Start of Block

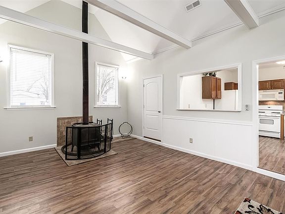 Updated historic home with 2 bedrooms plus a bonus loft space. New vinyl flooring throughout the entire main level and fresh paint make this home bright, clean, and move-in ready. Large eat-in kitchen with new countertops, new dishwasher, gas stove, pantry, refrigerator, and lots of cabinets. Kitchen opens into living room with woodburning fireplace, vaulted ceilings, and lots of natural light. Large bathroom with new shower enclosure, new double vanity and sink, and convenient space for w/d. Covered patios on front and side of the house provide lots of outdoor entertaining space. Detached garage with plenty of parking on this large corner lot. All appliances can stay! Owner offering 1 year HSA home warranty also!
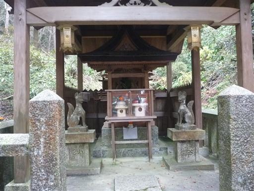 稲荷社に到着。両脇にひかえているのは狐の狛犬だ。
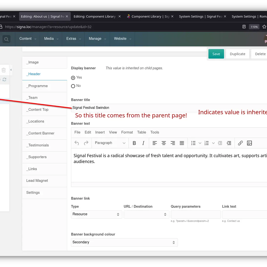 The top section of each page. You can edit the content via the TVs. Should be pretty straight-forward, except for 1 thing:
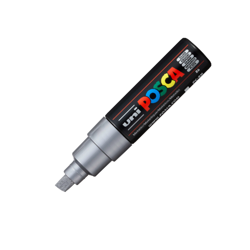 Con su punta ancha biselada, el PC-8K no solo puede trazar curvas claras con un efecto gráfico de caligrafía; también puede cubrir grandes superficies. Disponible en una gran gama de colores, es ideal para colores plenos, marcas de todo tipo y por supuesto, street art y lettering.
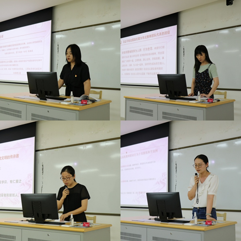 本次学习采用部门代表领学方式进行。教务处沈瑛领学了习近平总书记在庆祝中国共产党成立100周年大会上的重要讲话精神;图书馆徐洁领学了习近平总书记教师节重要讲话、寄语和回信精神;实验与实习管理中心彭芳和沈桓羽分别领学了《新时代高校教师职业行为十项准则》以及教育部公开曝光的违反高校教师职业行为十项准则典型案例。
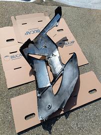 Vendo carene Honda CBR1000rr 2004 non originali di casa Cinese. Si annota che una linguetta della carena inferiore rotta, rigonfiamento di una carena inferiore lato dx dovuta al calore dello scarico, per il resto sono in buono stato e non hanno segni di usura significativo. Causa per cui devo specificare usato con parti guaste rimanendo nella massima trasparenza.
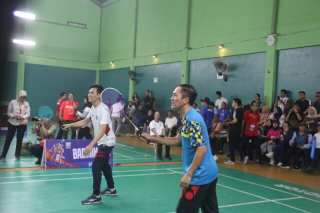 kekuatan Walikota Palembang dalam pertandingan bulu tangkis persahabatan. Aksi adu smash dan rally ini berlangsung sebagai bagian dari rangkaian acara silaturahmi di sela-sela agenda Korpri.
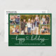 Modern Calligraphy Heart Script Happy Holidays 5 Photo Postcard - Green
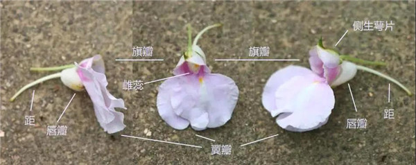 凤仙花的结构,主要包括型同凤尾、凤翅、凤身、凤颈的翼瓣、旗瓣、唇瓣、距等结构
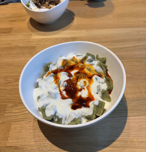 Nun zum eigentlichen Höhepunkt: die Maultaschen, Manti. Sie waren einfach himmlisch! Die Füllungen waren köstlich, egal ob mit zartem Rindfleisch oder Vegan. Die perfekt zubereiteten Maultaschen waren zart und dennoch bissfest, und die Kombination aus der Joghurtsoße und von Knoblauch war ein wahres Geschmackserlebnis.
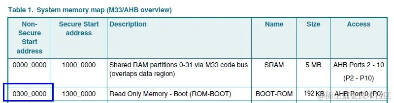下表是i.MXRTxxx系列代表型号i.MXRT500的部分系统内存映射,可以看到ROM区域起始地址是0x03000000(非安全域)。目前i.MXRTxxx都是Cortex-M33内核,支持TrustZone特性,所以0x13000000也是ROM起始地址(安全域),为了通用性,我们认0x03000000就可以了,这个地址在安全状态和非安全状态下都能被访问。
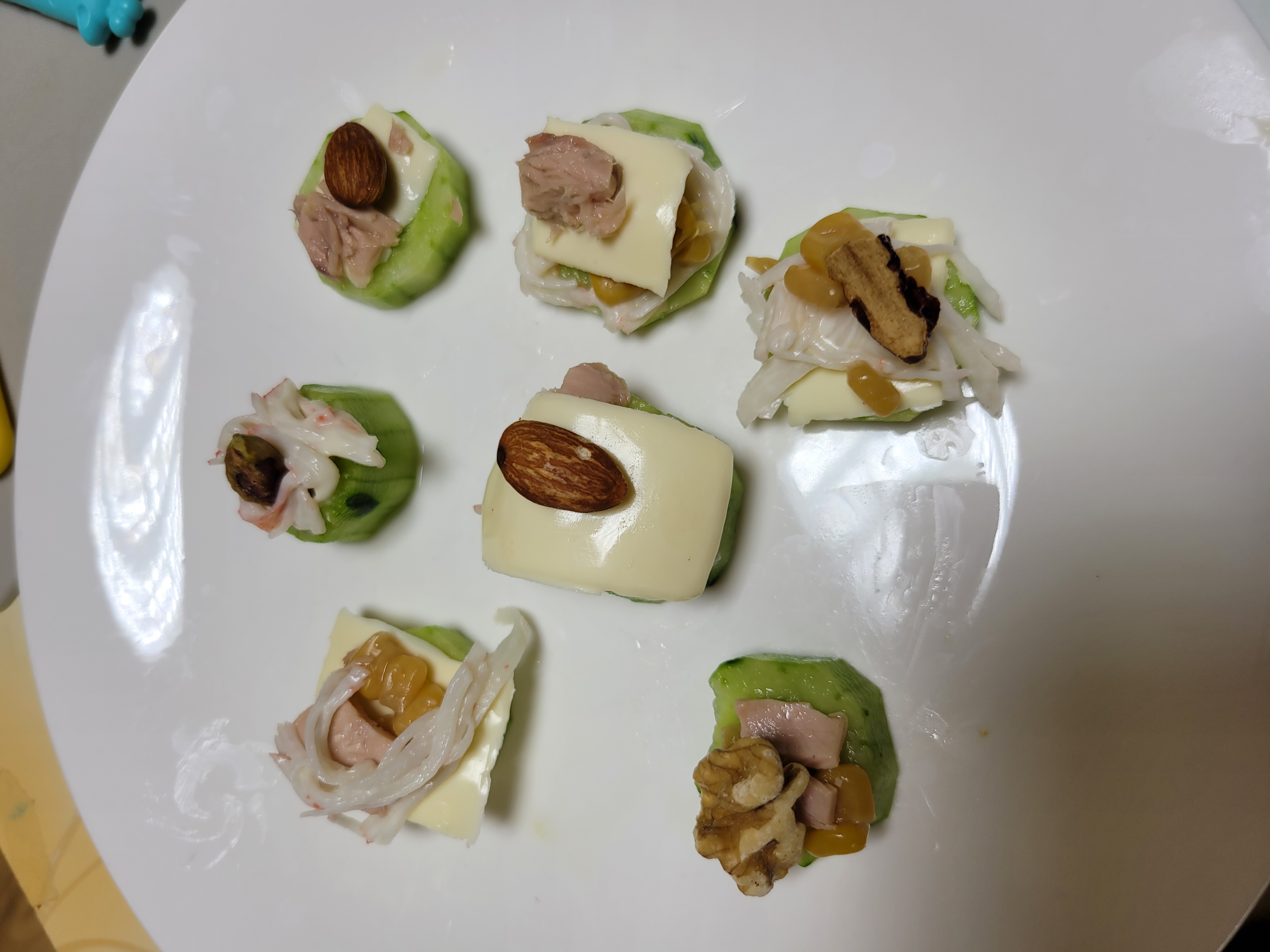 평소 잘 먹지 않던 견과류도 오이까나페로 만드니 너무 잘 먹네요~^^
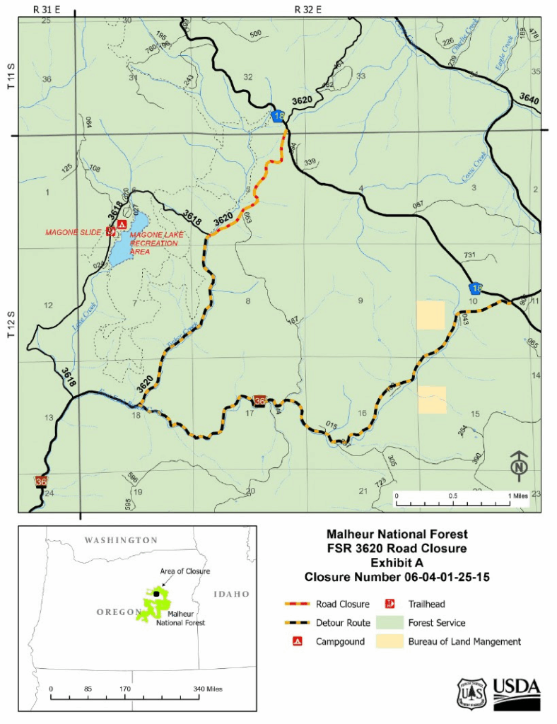 The Malheur National Forest has temporarily implemented a closure restricting public access starting August 25, 2025, through September 12, 2025, on Forest Service Road (FSR) 3620 starting at the intersection of FSR 1800 and FSR 3620, southwest to the intersection with FSR 3618.
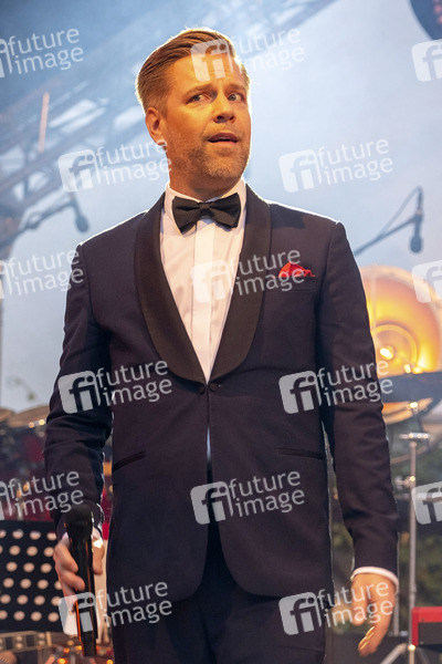 Tom Gaebel mit der Lumberjack Swing-Band unter der Leitung von Alexander Eissele live bei einem Konzert auf Schloss Filseck. Uhingen, 13.07.2024
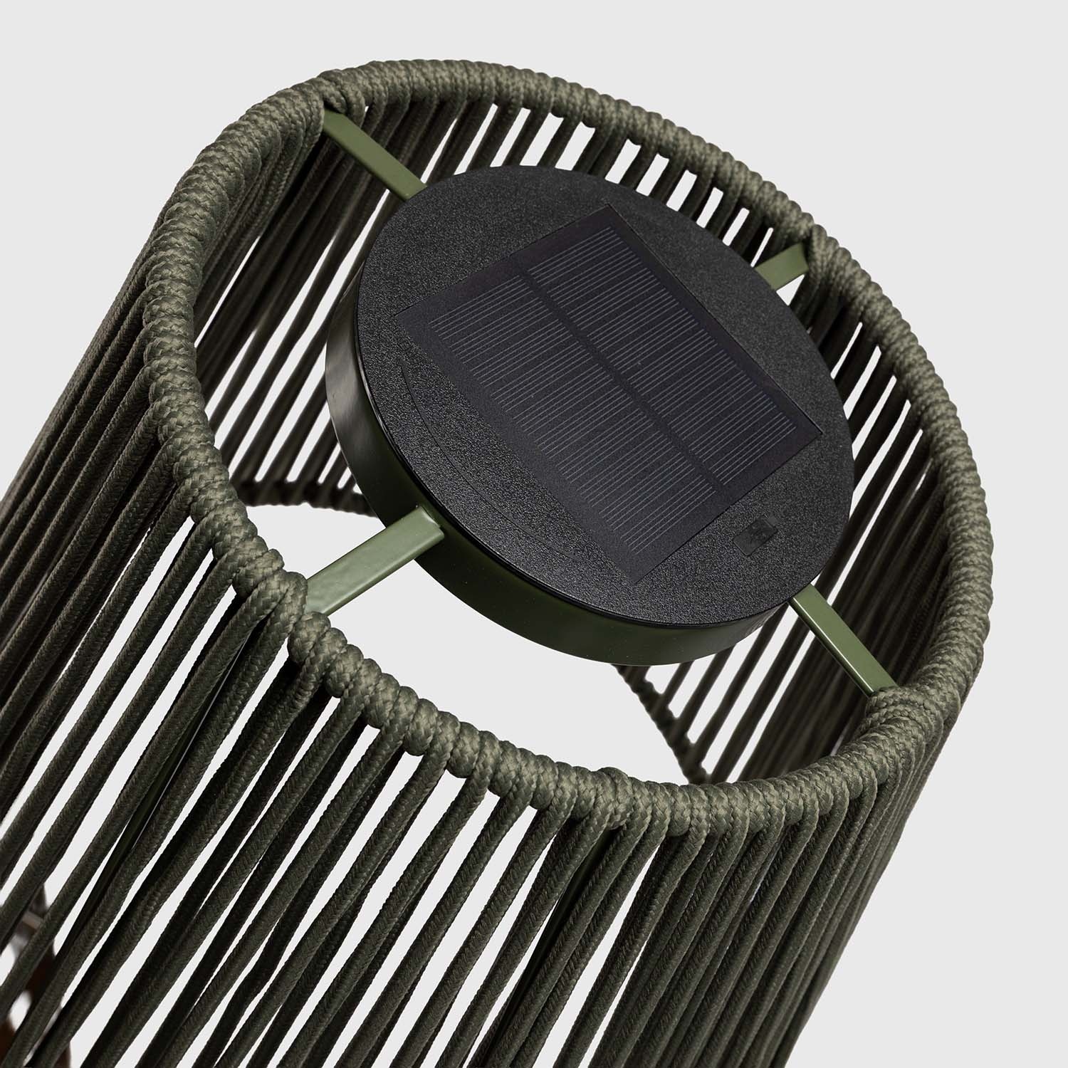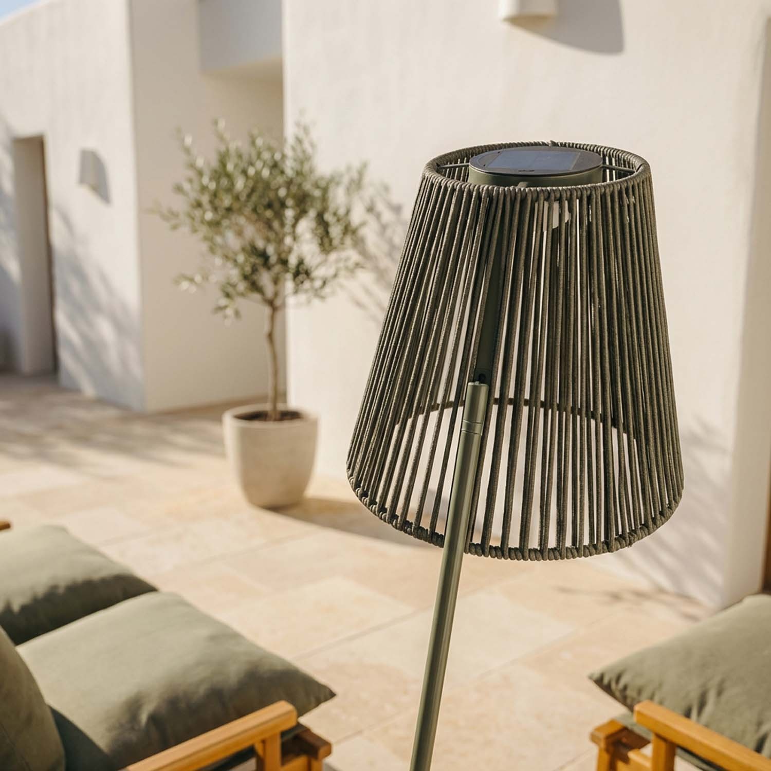 Ropelle is an outdoor solar lamp 63" tall, featuring a braided olefin polypropylene rope – a material especially designed for outdoor use – that creates a unique play of light and shadow in the evening. The solar panel charges it during the day, while the dusk sensor automatically switches it on at sunset and off at sunrise. Perfect for backyards, patios and any outdoor space where you want to create atmosphere without an electrician or energy bills.
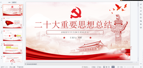 首先,由主持人带领全体党员集体学习了习近平总书记在中国共产党第二十次全国代表大会上作的报告。习近平总书记的讲话为建设工作指明了方向,即全面贯彻新时代中国特色社会主义思想,弘扬伟大建党精神,自信自强、守正创新,踔厉奋发、勇毅前行,为全面建设社会主义现代化国家、全面推进中华民族伟大复兴而团结奋斗。
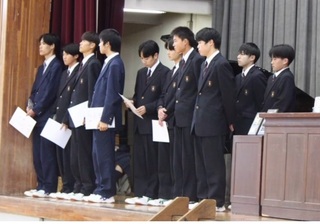 公開日 2026年01月05日 12月22日に終業式が行われました。 2学期には、球技大会、クロカン、修学旅行、インターンシップなど多くの行事があり、 充実した生活を送ることができたと思います。 年が明けるとすぐに新学期が始まり、あっという間に卒業・進級を迎えます。 それぞれの目標に向かって有意義な冬休みにしてください。 表彰:クロスカントリー大会入賞者、ハンド部(女子)、ダンス部、 総合文化部写真班、英検2級合格者
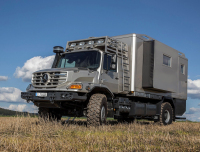 Karavan na korbě Zetrosu nabídne dřevěné obložení, audio Bose či internet. Vůz pojme 600 l nafty a 300 l vody, takže civilizaci nemusíte vidět moc čas...
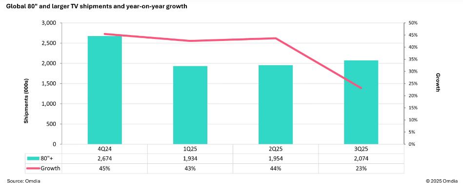 中国的放缓也影响了80英寸及以上分支市场的增长速度,其扩张幅度从去年每季度超过40%几乎减半,到2025年第三季度仅为23.1%。70-79英寸品类也有所降温,同比仅增长1.1%。这给中国品牌带来了战略上的两难境地,这些品牌在北美和中国等关键市场一直专注于低成本的大屏幕电视。随着注意力转向欧洲和亚洲与大洋洲,平均尺寸偏好要小得多——2025年第三季度,中国的平均尺寸为62.8英寸,而亚洲与大洋洲仅为45.5英寸。
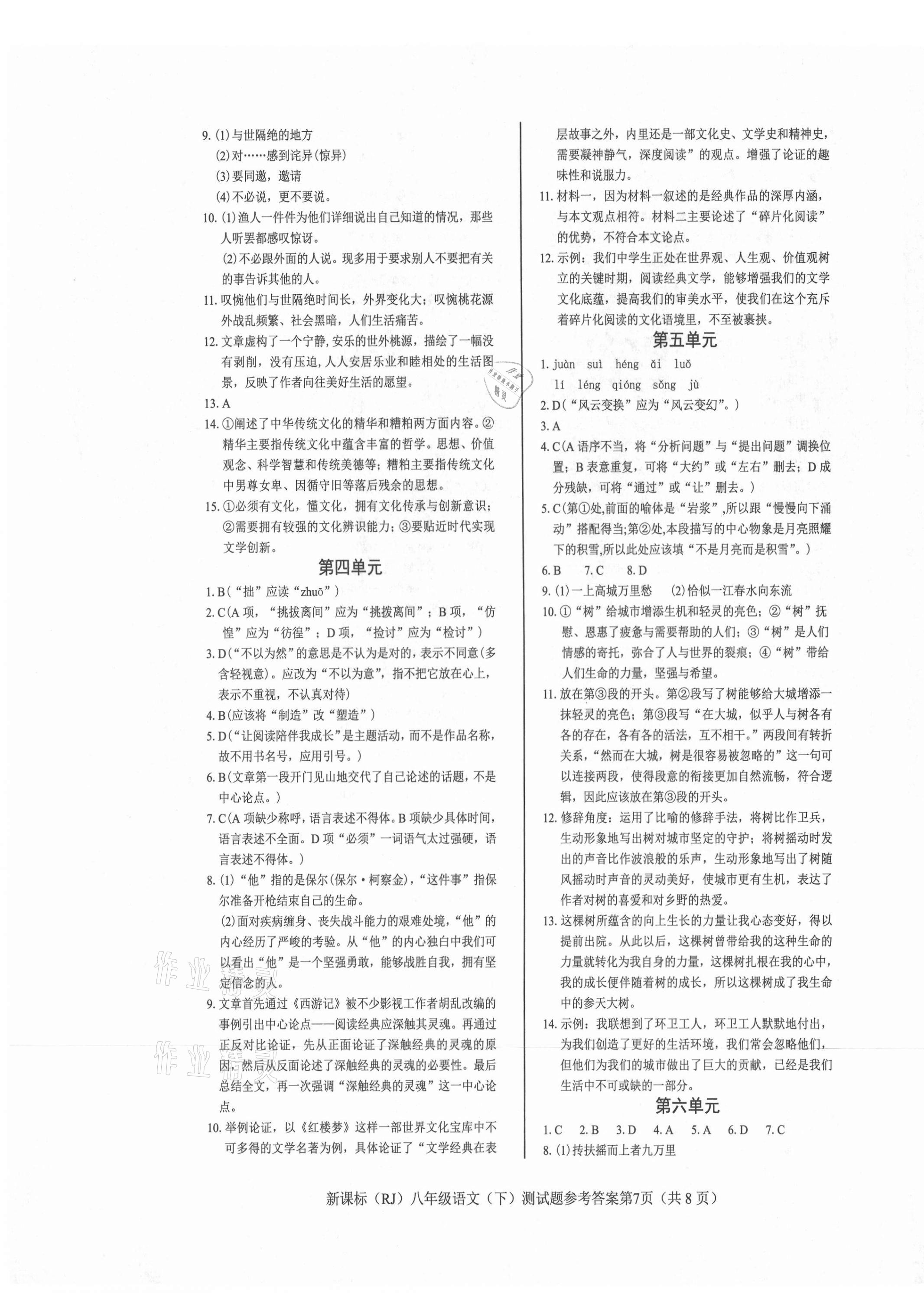 注:目前有些书本章节名称可能整理的还不是很完善,但都是按照顺序排列的,请同学们按照顺序仔细查找。练习册 2021年学考2加1八年级语文下册人教版 答案主要是用来给同学们做完题方便对答案用的,请勿直接抄袭。

End of Block

__What is expected__.
In the records above, find the line with "稲荷社に到着。両脇にひかえているのは狐の狛犬だ。" and the line with "Modern Calligraphy Heart". Write out exactly those lines and every one between, with no pictures and no other lines.

__Written answer__.
 稲荷社に到着。両脇にひかえているのは狐の狛犬だ。
 The top section of each page. You can edit the content via the TVs. Should be pretty straight-forward, except for 1 thing:
 Con su punta ancha biselada, el PC-8K no solo puede trazar curvas claras con un efecto gráfico de caligrafía; también puede cubrir grandes superficies. Disponible en una gran gama de colores, es ideal para colores plenos, marcas de todo tipo y por supuesto, street art y lettering.
 本次学习采用部门代表领学方式进行。教务处沈瑛领学了习近平总书记在庆祝中国共产党成立100周年大会上的重要讲话精神;图书馆徐洁领学了习近平总书记教师节重要讲话、寄语和回信精神;实验与实习管理中心彭芳和沈桓羽分别领学了《新时代高校教师职业行为十项准则》以及教育部公开曝光的违反高校教师职业行为十项准则典型案例。
 Vendo carene Honda CBR1000rr 2004 non originali di casa Cinese. Si annota che una linguetta della carena inferiore rotta, rigonfiamento di una carena inferiore lato dx dovuta al calore dello scarico, per il resto sono in buono stato e non hanno segni di usura significativo. Causa per cui devo specificare usato con parti guaste rimanendo nella massima trasparenza.
 kekuatan Walikota Palembang dalam pertandingan bulu tangkis persahabatan. Aksi adu smash dan rally ini berlangsung sebagai bagian dari rangkaian acara silaturahmi di sela-sela agenda Korpri.
 Modern Calligraphy Heart Script Happy Holidays 5 Photo Postcard - Green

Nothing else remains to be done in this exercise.